La muerte de Fernando VII (1833) abocó a un nuevo bandazo político,
esta vez en sentido liberal. Aunque los realistas seguían siendo una
mayoría en el país, carecían de los recursos y de las mentalidades
rectoras que movilizaban a sus oponentes. El infante Carlos, cabeza de los
fieles a la tradición, mantuvo una difícil resistencia por espacio de
siete años (1833-40; primera guerra carlista); pero el liberalismo que
integraba a los grupos mejor acomodados y más ilustrados del país,
consiguió imponerse y prevalecer en E. por espacio de un siglo.
8. La época liberal. Sucedió a Fernando VII su hija Isabel II (v.),
niña de tres años, cuya minoría cubren las regencias de su madre, María
Cristina de Borbón (v.), y del general Espartero (v.) El enlace entre los
dos reinados es laborioso y difícil, por cuanto se alinean paralelamente
la lucha dinástica e ideológica entre carlistas y liberales (v.
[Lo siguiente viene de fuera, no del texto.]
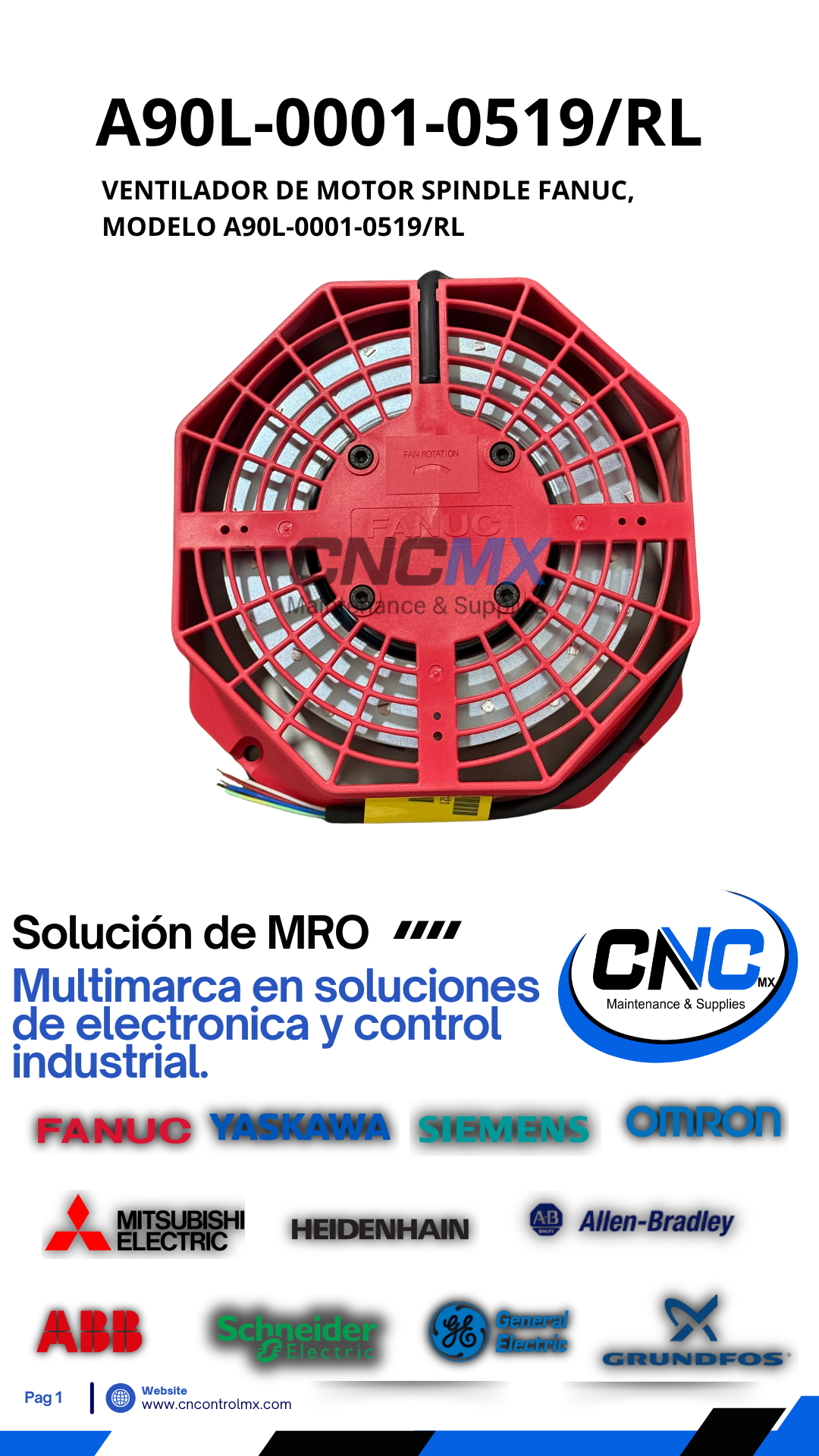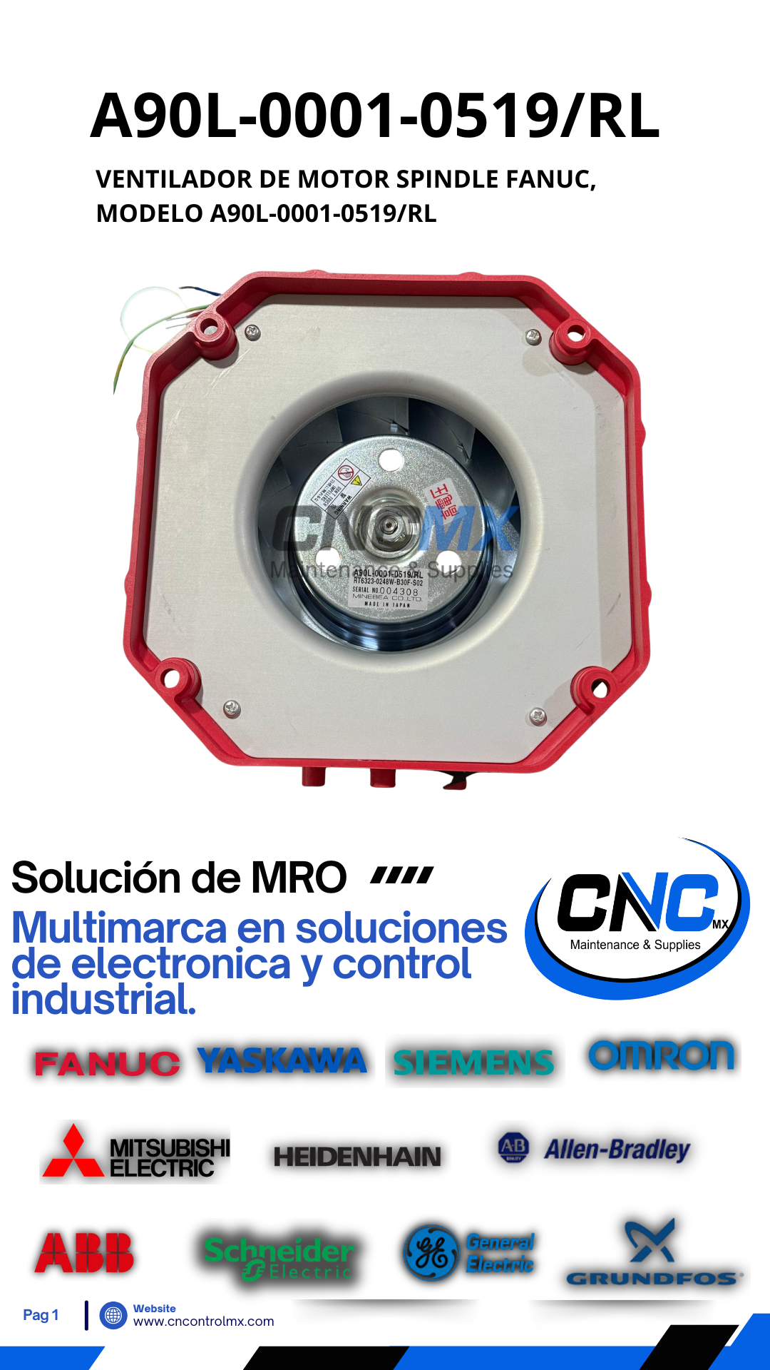 VENTILADOR DE MOTOR SPINDLE FANUC, MODELO A90L-0001-0519/RL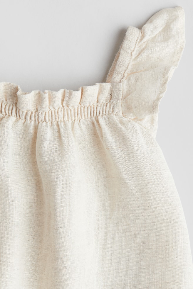 H&M Adorables. Комбинезон из мягкого, воздушного льна, идеально подходит для теплых летних дней. Прямой вырез горловины с узкой резинкой и оборкой спереди. Бретели с оборками и присборенная спинка. Потайные кнопки на штанинах для легкой смены подгузника и эластичные манжеты на штанинах. Лен — это очень практичная ткань с легкой текстурой, которая быстро сохнет и со временем становится мягче. H&M Adorables — это тщательно подобранная коллекция классических и удобных вещей высокого качества.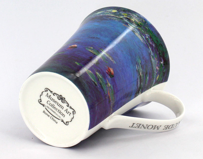 ゴッホやモネなど、名画の世界をそのまま閉じ込めたマグカップです。 持ち手の部分には絵画からのモチーフのワンポイントと作家名の英文字が入っています。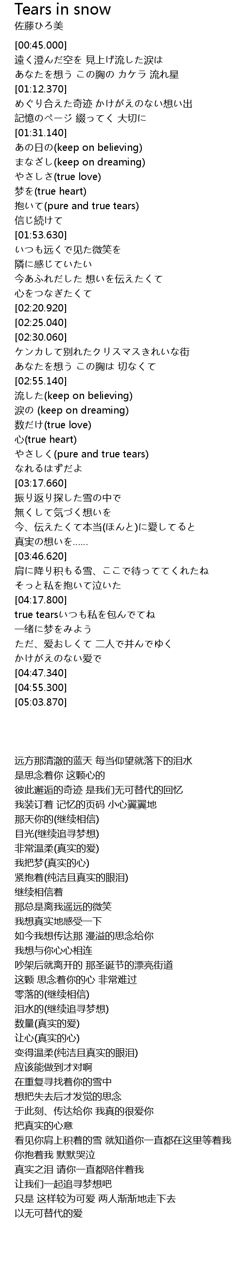 | [04:17.960] | true tearsいつも私を包んでてね |

CARLISTAS,
GUERRAS), y las luchas políticas de los liberales entre sí. La oposición
de D. Carlos al testamento de Fernando VII, y, por consiguiente, a la
regencia de María Cristina y reinado de Isabel II, puso a éstas a
disposición del elemento liberal, consagrándose por ambas partes, como
suele suceder en todas las guerras civiles, la tendencia a los
extremismos. Así se explica que los gobiernos de la Regencia fueran
pasando del ultramoderado Cea Bermúdez (1833) al exaltado Alvarez
Mendizábal (1836; v.).
La medida más importante de la época de Cea Bermúdez es la división
de E. en 49 provincias, que con insignificantes variaciones, ha llegado
hasta nuestros días. Martínez de la Rosa (v.) establece el primer ensayo
parlamentario con su Estatuto Real (1834), carta otorgada por la que se
instituían dos cámaras consultivas, el Estamento de próceres y el de
procuradores; aunque los métodos de elección reconocían un censitarismo
extremadamente restringido, los debates cobraron desde el primer momento
la frondosidad de un parlamentarismo a ultranza, del que hubieron de
depender desde el primer momento las decisiones gubernamentales. Las
medidas anticlericales del conde de Toreno (1835) no bastaron para calmar
las exigencias de la izquierda, y el proceso levógiro, culminó con la
subida al poder de Mendizábal.
La principal obra de este político fue la llamada desamortización
(v.) de los bienes eclesiásticos; aunque en sentido estricto se trata de
una incautación por la fuerza. Mendizábal extinguió todas las órdenes
religiosas que no se dedicasen a la beneficencia pública; se apropió, en
nombre del Estado, de sus bienes, y los sacó acto seguido a pública
subasta. La operación, aunque de enorme importancia material y moral, no
alcanzó el volumen que vulgarmente se cree. Santaella estima que las
tierras desamortizadas alcanzaron un 8% de las propiedades agrarias
españolas; y en cuanto al valor total de las incautaciones, se ha
calculado un importe de 2.700 millones de pts. Aunque estas cifras siguen
sujetas a revisión, es evidente que los decretos de Mendizábal no
removieron una riqueza suficiente para transformar de un modo radical las
estructuras económicas del país. Por otra parte, la desamortización se
realizó demasiado aprisa, y parece que, en general, no contribuyó a un
mejor reparto de la propiedad, puesto que los lotes vendidos fueron
demasiado extensos, máxime que una buena parte de los compradores eran ya
terratenientes; con lo que las tierras, en lugar de parcelarse, se
concentraron todavía más, especialmente en las regiones del sur. En cuanto
a sus repercusiones sociales, fueron en general negativas, puesto que el
cambio del régimen de propiedad supuso también un progresivo cambio en el
régimen de explotación; muchos antiguos colonos o enfiteutas acabaron
convirtiéndose en jornaleros, poniéndose así las bases de un proletariado
campesino que iba a representar un papel fundamental en la historia de las
luchas sociales.
Más importancia material que la desamortización eclesiástica tuvo la
civil, aunque ésta careciera de todo carácter violento (venta de tierras
comunales; permiso a la nobleza para vender, si lo deseaba, sus tierras).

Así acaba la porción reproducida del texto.